The Home Automation Stack I Wish I Had Started With
My first smart home attempt used a commercial hub that was discontinued. My second attempt used a self-hosted platform that became a maintenance burden. The third attempt — MQTT + InfluxDB + Grafana on a Raspberry Pi — is three years old and I've changed almost nothing. Here's why this one stuck.
What the system actually is
The marmorikatu-home-automation repository is a 16-service Docker Compose stack running on a single machine. Everything — data collection, time-series storage, dashboards, heating optimization, the AI kiosk, weather, news, calendar — runs in Docker on the same host.
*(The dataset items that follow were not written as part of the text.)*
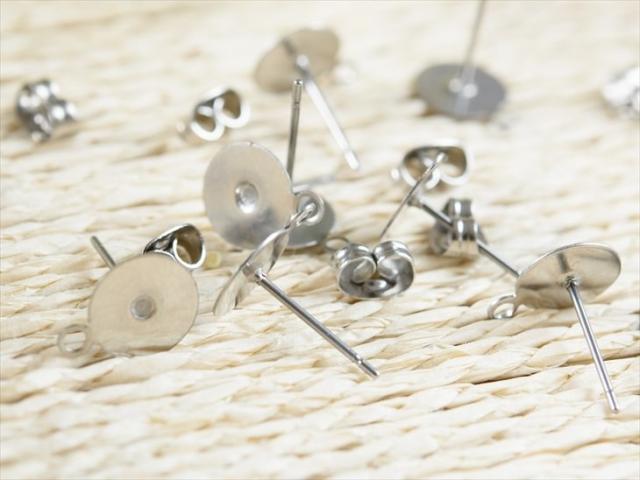 サージカルステンレス 316L ピアスパーツ 30ペア ステンレス316L 金属アレルギー対応 ポストピアス 8mm平皿 カン付 12mm シルバー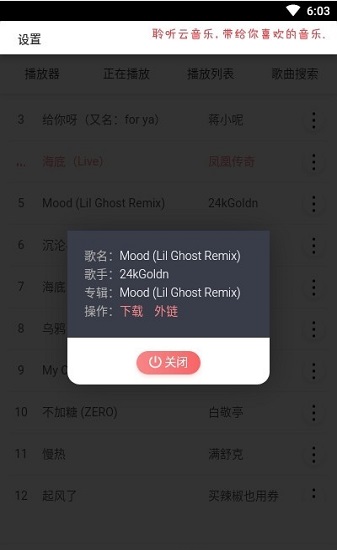 2、聆聽(tīng)云音樂(lè)擁有龐大、完整的曲庫(kù),歌曲更新迅速,試聽(tīng)流暢,口碑也很好。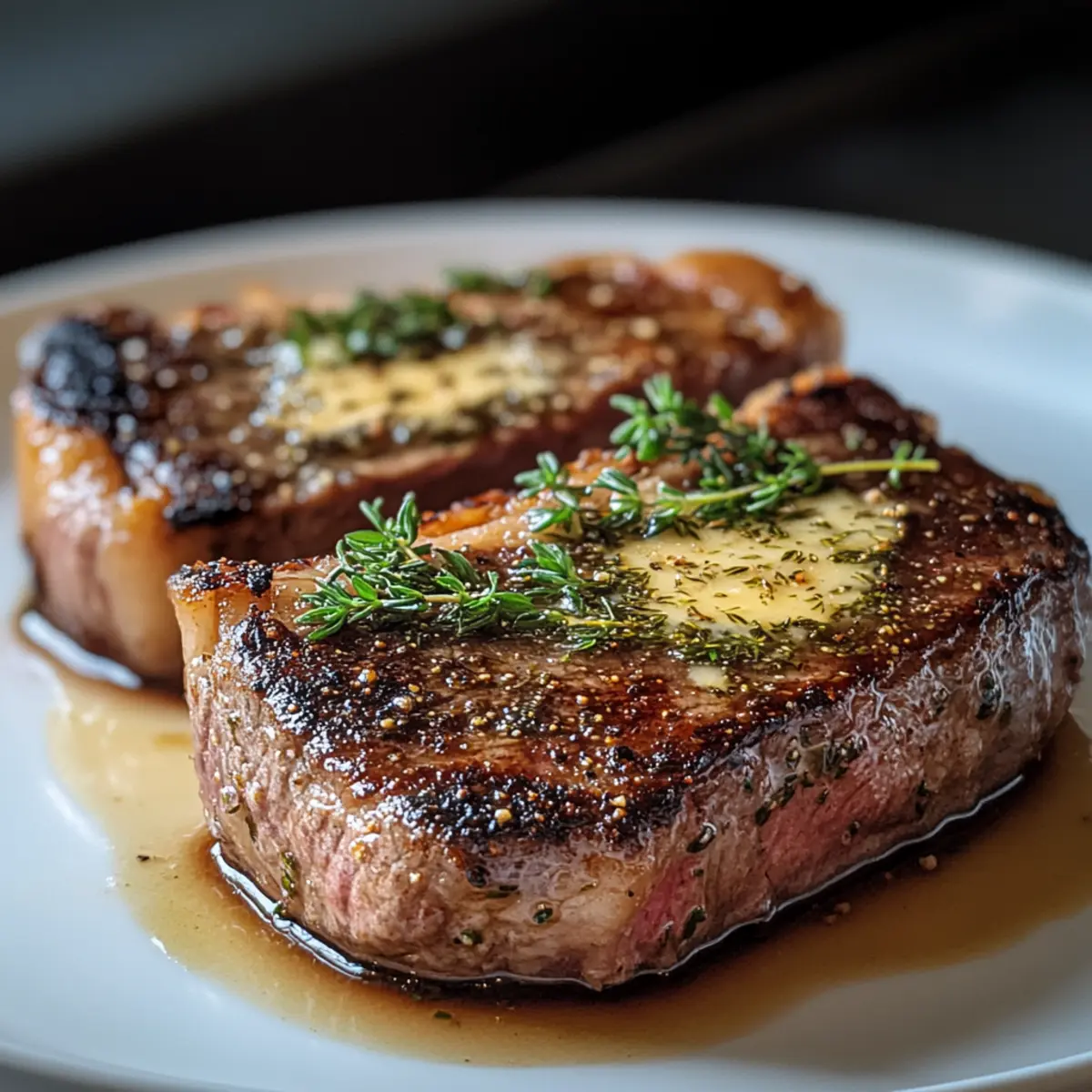 In Butter gebratenes Steak mit Thymian Perfekt Zubereitet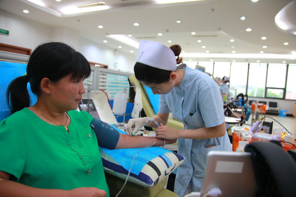 现在王敏开始捐献成分血,她说,以前全血得间隔每半年才能献一次,现在成分血可以每个月都献,只要血液中心给她发信息,告诉她可以献血了,她就会抽空来,一早过来,献血完血,10点赶回工地给工人们做饭也不耽误。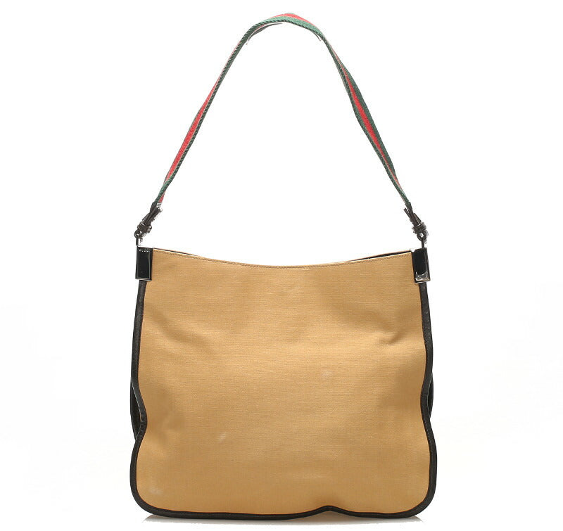 グッチ シェリーライン ウェビングライン 001 4321 ベージュ ブラウン キャンバス レザー ショルダーバッグ レディース GUCCI 中古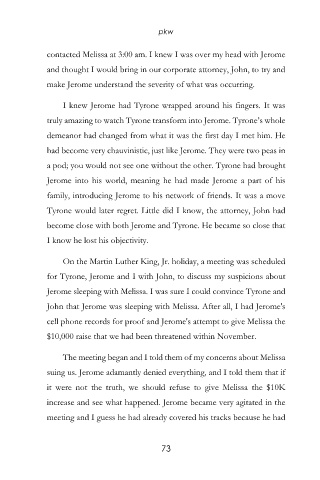 John that Jerome was sleeping with Melissa. After all, I had Jerome's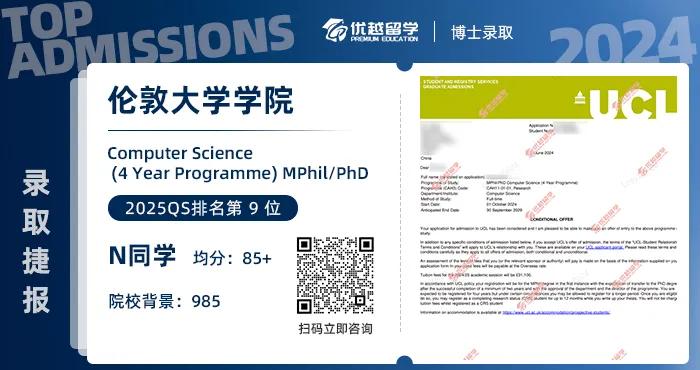 N學(xué)長(zhǎng)是通過朋友推薦來到優(yōu)越的,雙非背景,如愿拿下G5 中UCL的計(jì)算機(jī)科學(xué)PhD博士offer!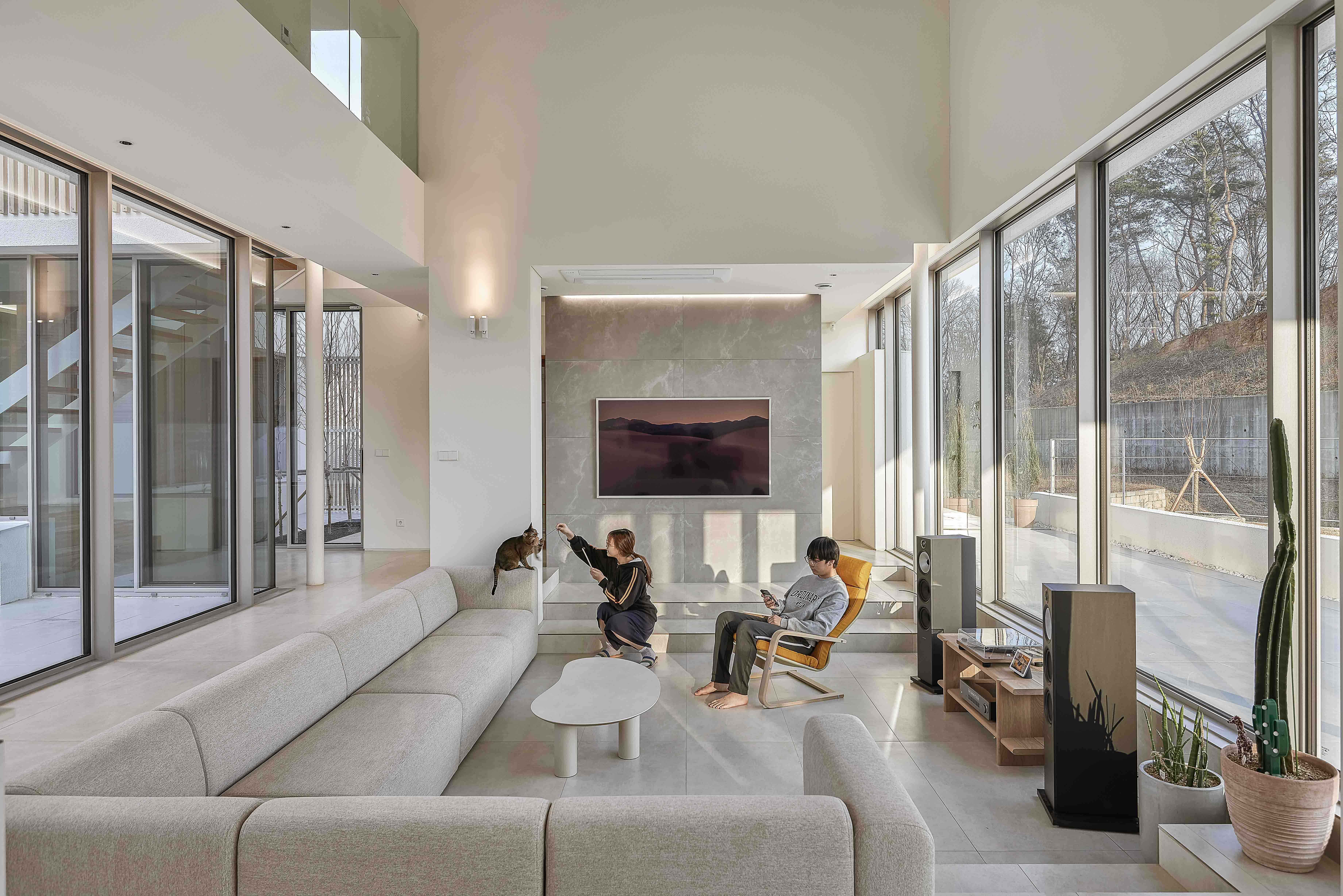 Imagine the daily life of a large family consisted of the owner couple, five children, and a cat. Even the apartment they lived in before was not small at all. Fatigue arises as the lives of a family of 10 become functionally fragmented. If one is isolated from the life created by a rational combination of apartment houses and does not move in harmony, one will be disturbed. Hence, in order to find a room to relax, one departs for a new destination away from home and enjoys traveling. The owner’s desire is to have a house where his family can relax and enjoy for daily life. In an apartment space where the density of family relationship was high, it was difficult to find a space for anyone to squeeze in. If the house were a physical and psychological form of spatial relationship, the tension of family relationship is also carried within the house. A relaxed space that releases a tense mind or atmosphere creates a gap, expands contact with natural elements, and naturally allows one to feel the changes of time. The bedrooms of the family are not arranged in parallel or according to a reasonable area, yet are distinguished for differentiated views, sunlight, and the sense of space. Consequently, the living room on the first floor remains with the nature through the courtyard, which is an external space, as an open structure rather than a walled house.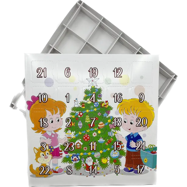Adventní kalendář "Děti u stromečku" s papírovou vložkou 28x28x2 cmna objednávku 325 ks85 Kč/ ks70 Kč bez DPH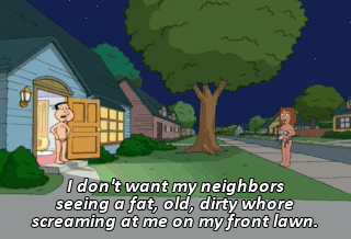 I don't want my neighbors seeing a fat, old, dirty whore screaming at me on my front lawn. "Whore"?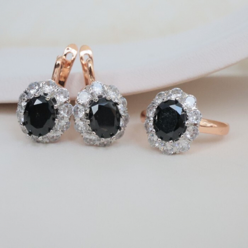 Комплект ювелирной бижутерии серьги и кольцо 19 р, покрытие посеребрение, вставка: фианиты, цвет: прозрачный, Уценка, арт.08.3464 (213.956-19 )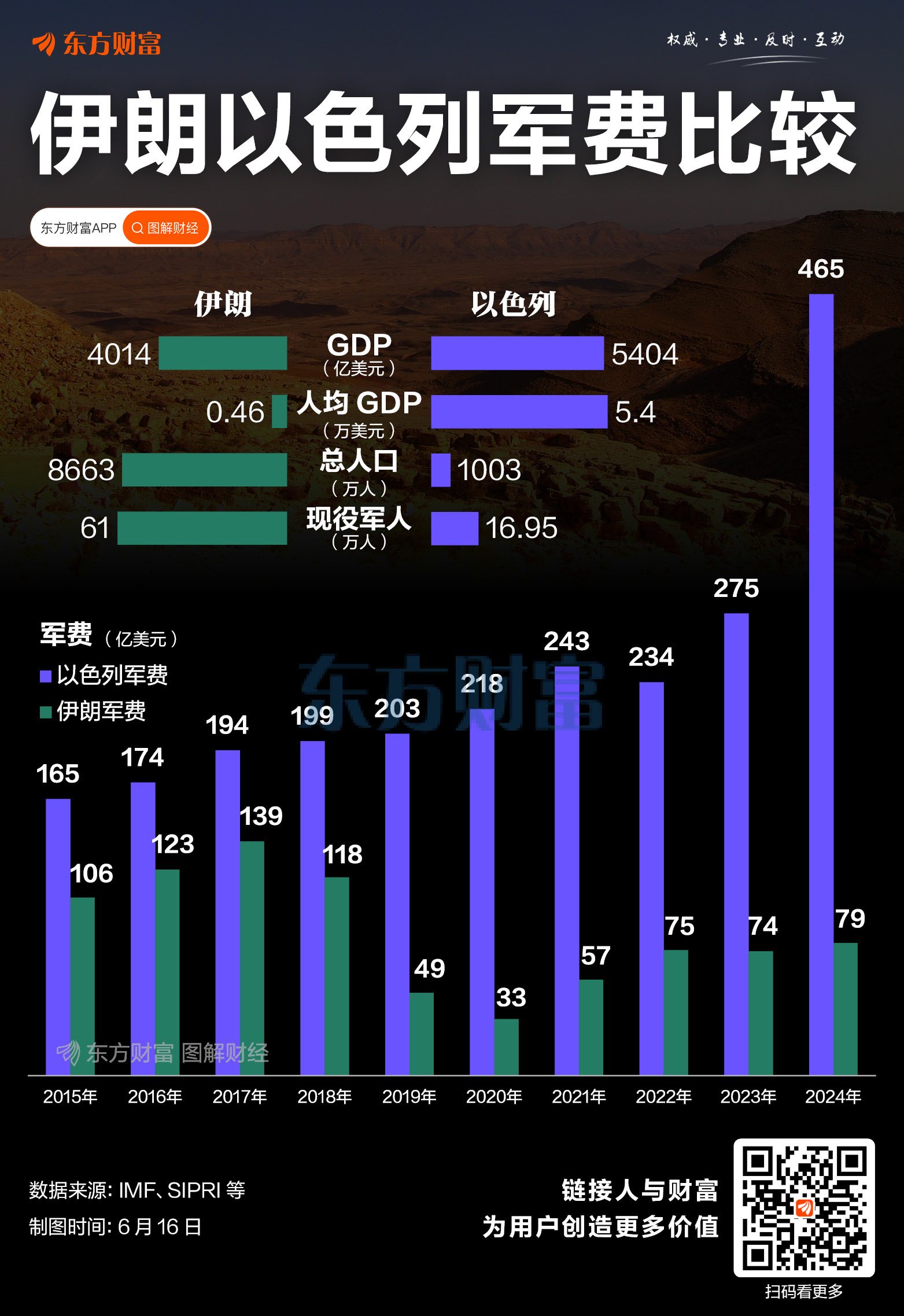 IMF(国际货币基金组织)的数据显示,2024年,伊朗的人口为8663万人京融实配,GDP为4014亿美元;以色列人口为1003万人,GDP为5404亿美元。伊朗的人口是以色列的8倍有余,但GDP却不足以色列的3/4,以色列人均GDP高达5.4万美元,是伊朗的11倍有余。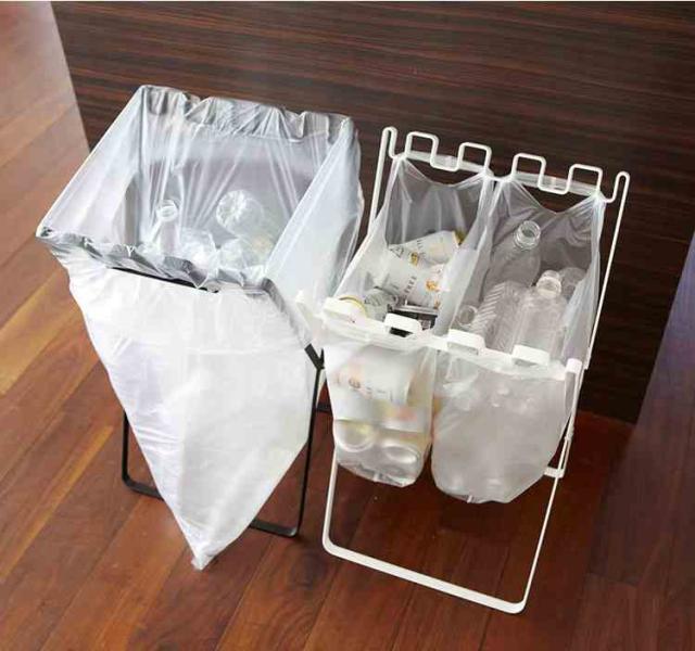 45lのゴミ袋もレジ袋にも対応!分別もできる、towerのゴミ袋&レジ袋スタンド。袋を掛けたまま口を閉じることができるのでニオイ漏れを抑えられます。 空間を邪魔しない、シンプルなデザインなのも◎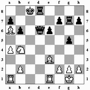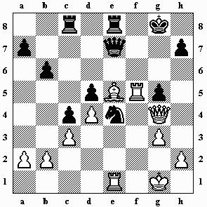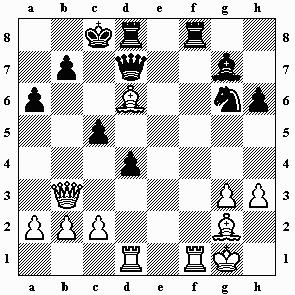 12.Lg2 e5 13.dxe5 Sxe5 14.Dd4 Sc6 15.Da4 a6 16.Lf4 h6 17.Tad1 g5 18.Lc1 d4? Mit diesem Zug beginnt die schwarze Katastrophe! Die Diagonale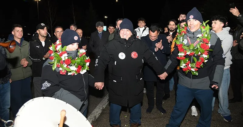 Avusturya’dan dört madalya ile Erzurum’a dönen Bingül kardeşler için havalimanında karşılama töreni düzenlenirken alanda ETÜ Rektörü Prof. Dr. Bülent Çakmak’ın yanı sıra çok sayıda akademisyen ve öğrenci yer aldı.
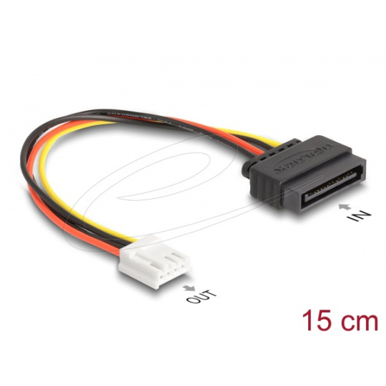 Delock Napájecí kabel SATA, z 15 pinové zástrčky na 1 x 4 pinovou zásuvku disketové mechaniky floppy, 15 cm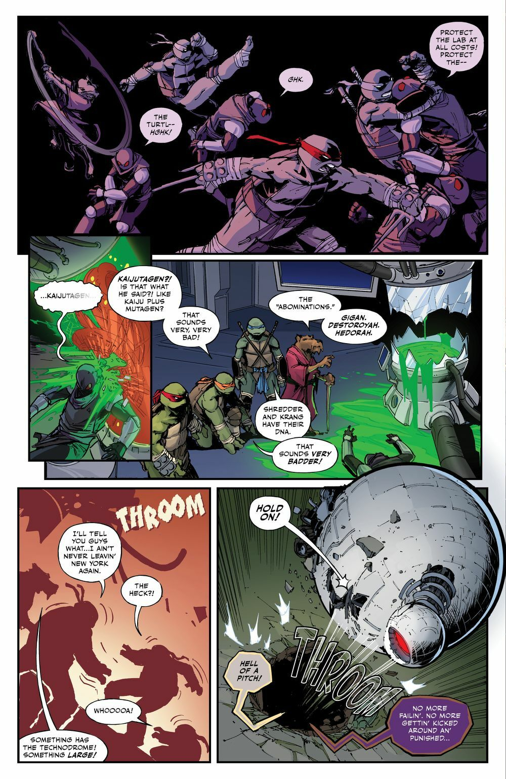 Time to meet the mashups. After using the mysterious Kaijutagen, Bebop and Rocksteady have been granted the powers and size of Gigan and Destoroyah, becoming…Gigbop and Rockstroyah! What can four little ninja turtles do against foes of this magnitude? Nothing. Thus, the Turtles will have no choice but to get big in Japan! Using the same Kaijutagen as their enemies, Leonardo, Raphael, and Michelangelo will grow into powerful new forms! Meet Leonardo’s Godzilla form, Raphael’s Rodan form, and Mikey’s King Ghidorah form!

The MQTT broker is the one external dependency: a Mosquitto instance running on a FreeNAS NAS at freenas.kherrala.fi:1883 on the local network.
The data store is InfluxDB 2.7 with a single bucket called building_automation. Everything writes to it; everything reads from it. Grafana sits on top for visualization. That's the core of the stack — the other 13 services are either data sources, consumers, or utilities.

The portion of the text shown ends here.